Fair trade: On the 29th COP and India’s carbon market
India must develop a transparent carbon trade policy
While carbon markets came into existence nearly two decades ago, they have been plagued by opacity and criticism that they only created the illusion of emission reductions. Although such markets have revived, confusion remains about how credits may be verified. There is optimism that Baku may see a final resolution of this problem and that the first legal credits may begin to be claimed by countries next year. India, due to its voluntary commitment to generate half its electricity from non-fossil energy sources by 2030, stands to gain as a host of several carbon-reduction projects. Additionally, there are also mushrooming private sector enterprises in India setting up innovative forestry projects that reportedly lock carbon and can be claimed as credits by multinational companies, traded through so-called voluntary carbon markets.
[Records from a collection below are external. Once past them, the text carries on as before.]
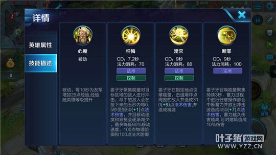 被动-心魔:姜子牙每隔一段时间会为友军增加经验,英雄的等级越高,获得的经验值也将越多。
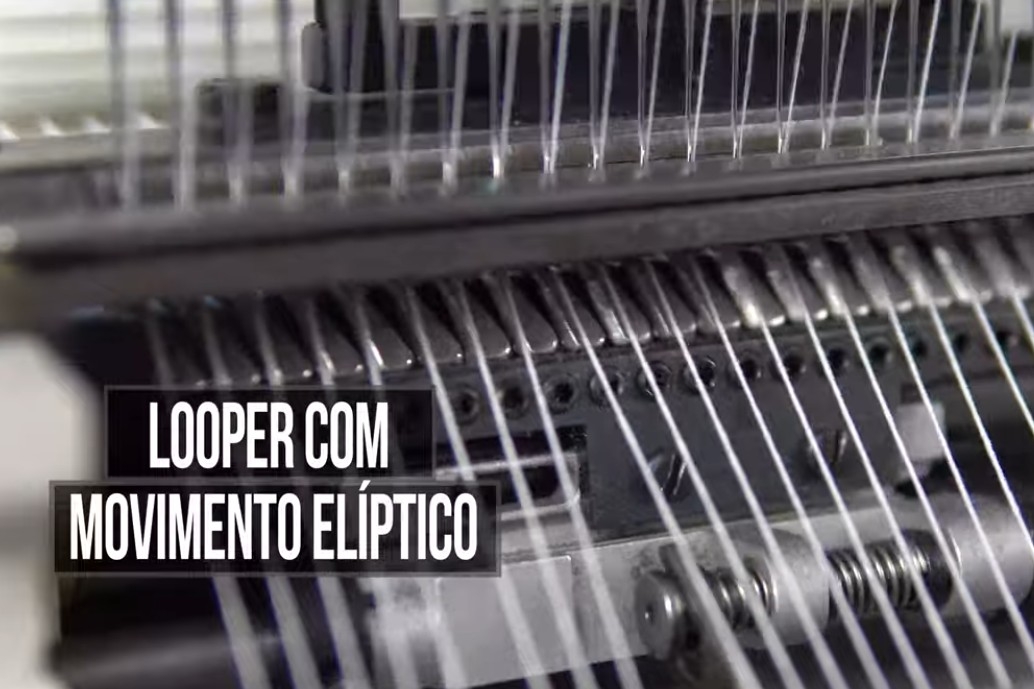 - Exclusivo sistema porta-cones para lastex que garantem a entrada dos fios na máquina desenrolados;
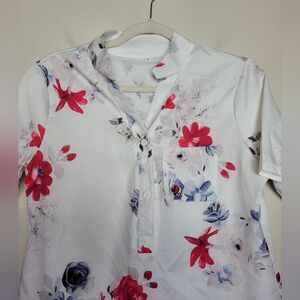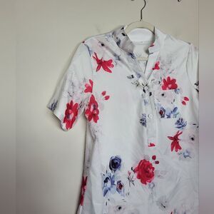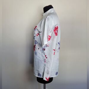 Beautiful lightweight blouse with a Japanese inspired floral print. White with pink colorway. Flattering notched neckline and slightly flared bodice fit. Lightweight thin material. Tagged size medium measures approximately 26 inches long 20 inches underarm to underarm laid flat.

India’s iron and steel industries are among the nine types of industries expected to meet emission intensity standards by 2025. By restricting the amount of carbon per unit of production, this will, depending on regulatory enforcement, formally kick-start India’s carbon market. However, this will invite complex calculations and, given the experience of a related energy-efficiency trading scheme, run the risk of not exerting enough pressure on companies to comply. While calculating carbon saved is a fraught exercise, India must aim, through its research institutions and authorities, to evolve a transparent and fair policy that is on a par with the best internationally.